_Recorded data_:
+++++

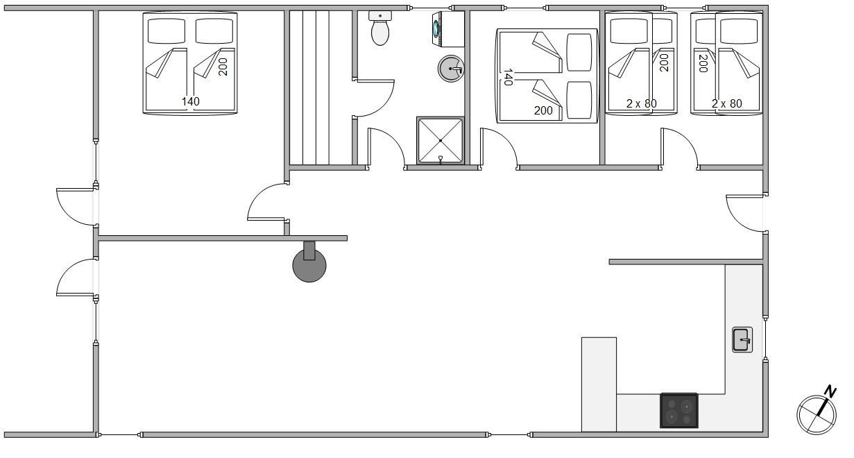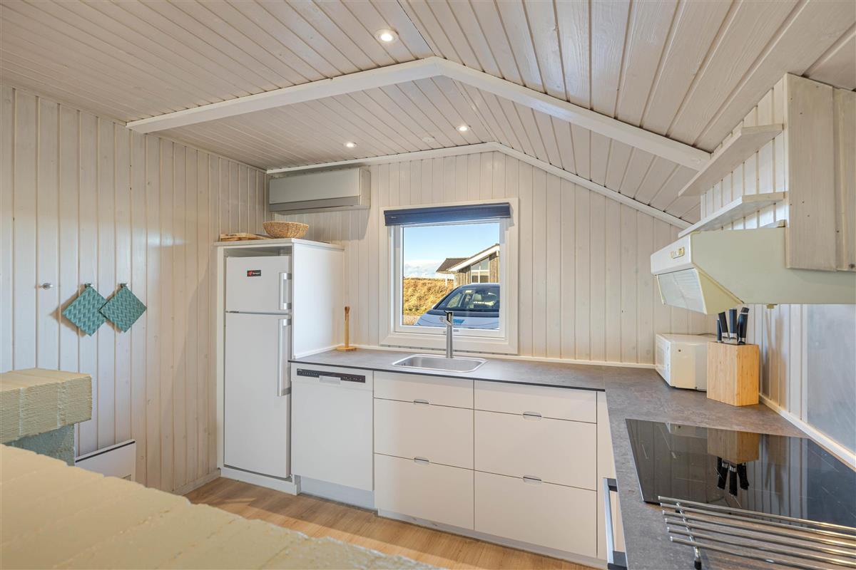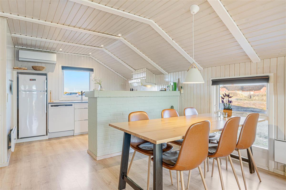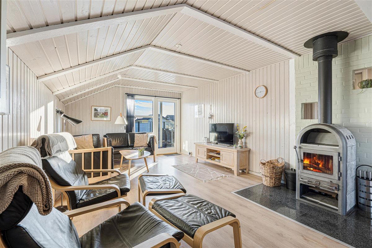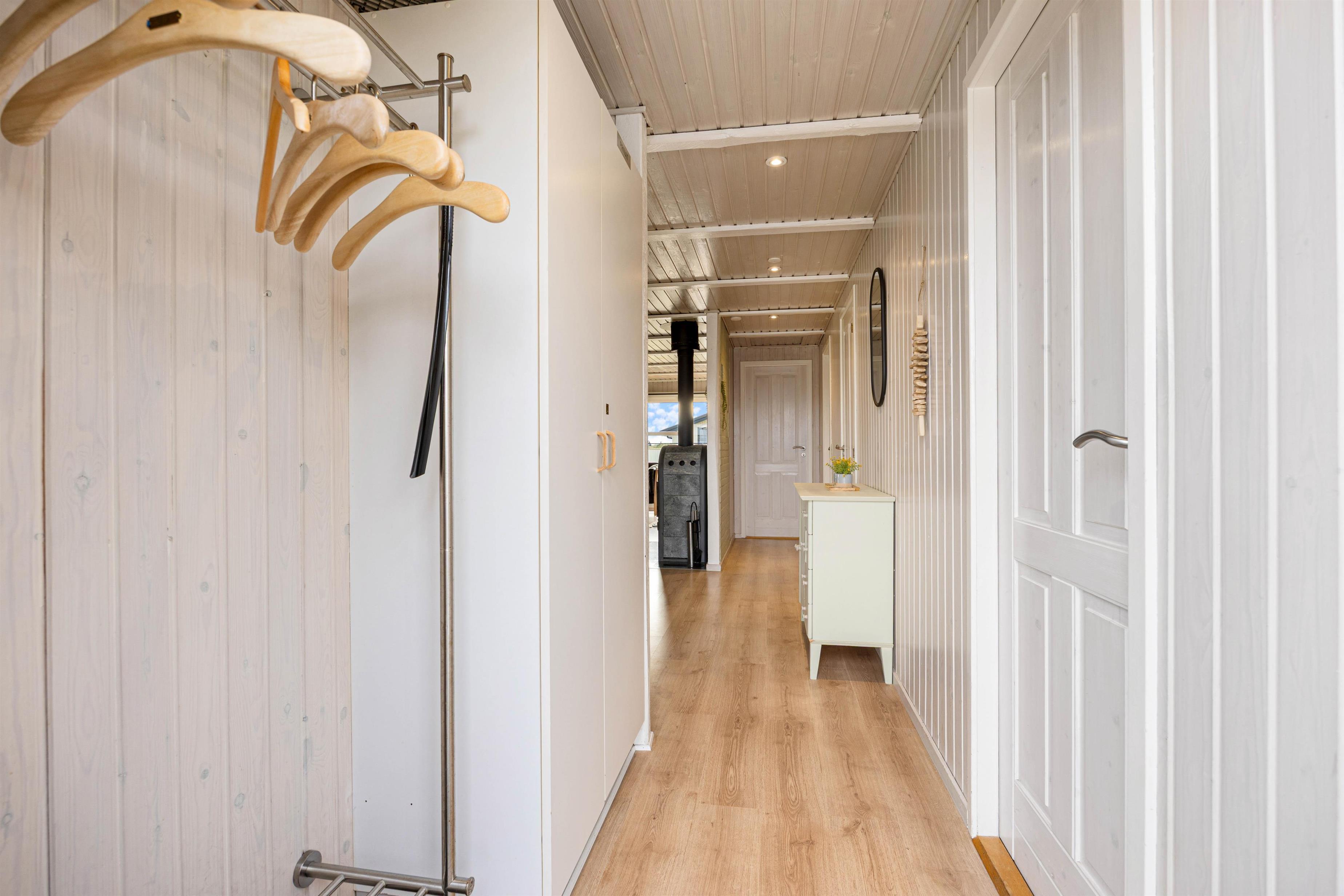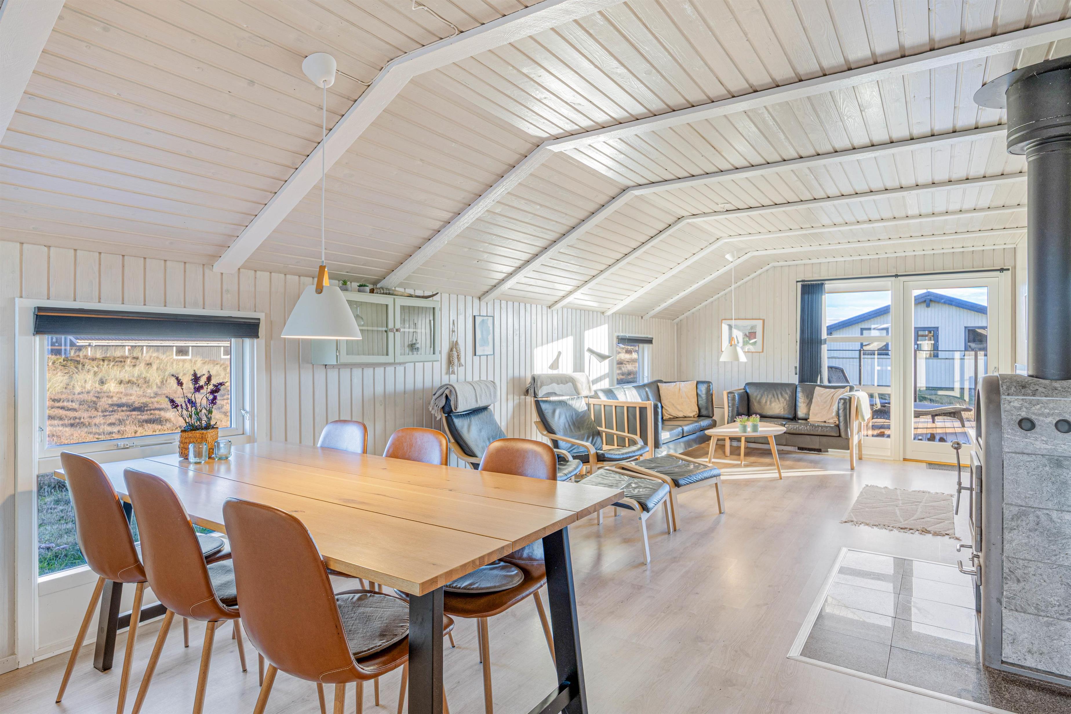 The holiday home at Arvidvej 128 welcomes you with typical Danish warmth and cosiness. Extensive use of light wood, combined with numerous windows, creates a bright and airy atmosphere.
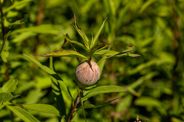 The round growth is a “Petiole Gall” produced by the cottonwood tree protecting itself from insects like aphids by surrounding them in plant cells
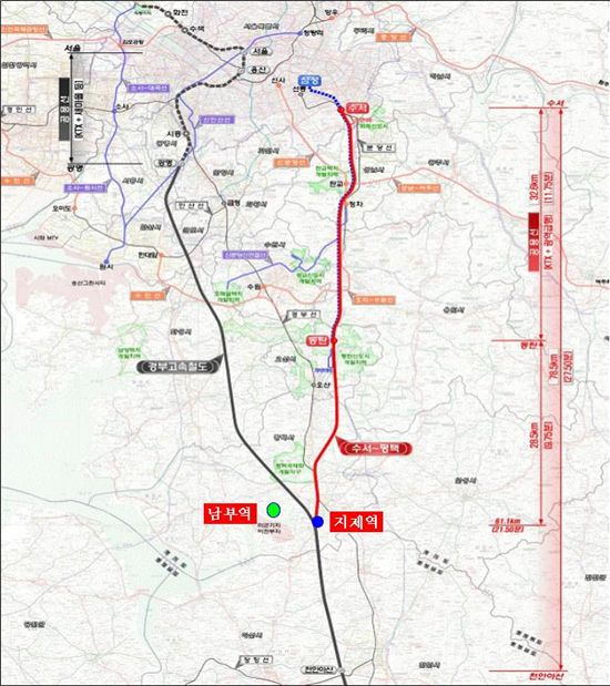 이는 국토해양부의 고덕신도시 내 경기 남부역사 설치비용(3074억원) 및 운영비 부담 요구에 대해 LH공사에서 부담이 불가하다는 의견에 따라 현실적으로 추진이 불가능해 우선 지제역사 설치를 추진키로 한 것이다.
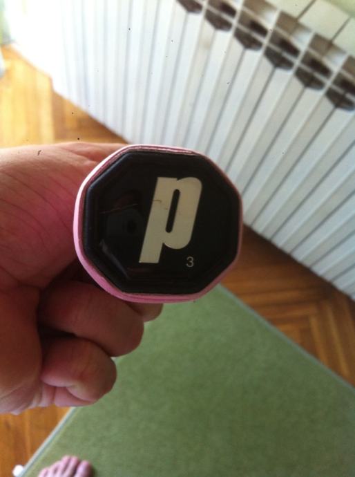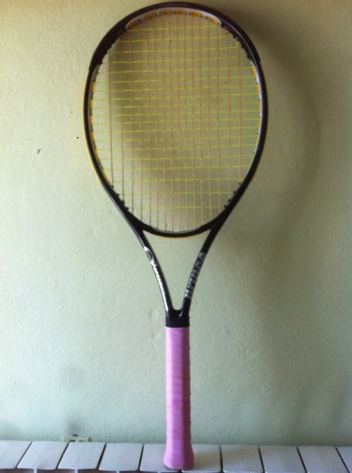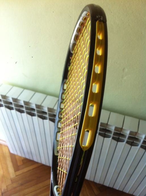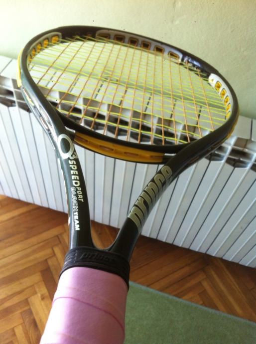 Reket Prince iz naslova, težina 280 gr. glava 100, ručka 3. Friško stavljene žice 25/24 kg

+++++

_To do_: Starting at the first line of the listing above, write out each line exactly and nothing else until you reach the line containing "이는 국토해양부의 고덕신도시", which is included as well; omit all pictures.

_Response to this task_:
 The holiday home at Arvidvej 128 welcomes you with typical Danish warmth and cosiness. Extensive use of light wood, combined with numerous windows, creates a bright and airy atmosphere.
 The round growth is a “Petiole Gall” produced by the cottonwood tree protecting itself from insects like aphids by surrounding them in plant cells
 이는 국토해양부의 고덕신도시 내 경기 남부역사 설치비용(3074억원) 및 운영비 부담 요구에 대해 LH공사에서 부담이 불가하다는 의견에 따라 현실적으로 추진이 불가능해 우선 지제역사 설치를 추진키로 한 것이다.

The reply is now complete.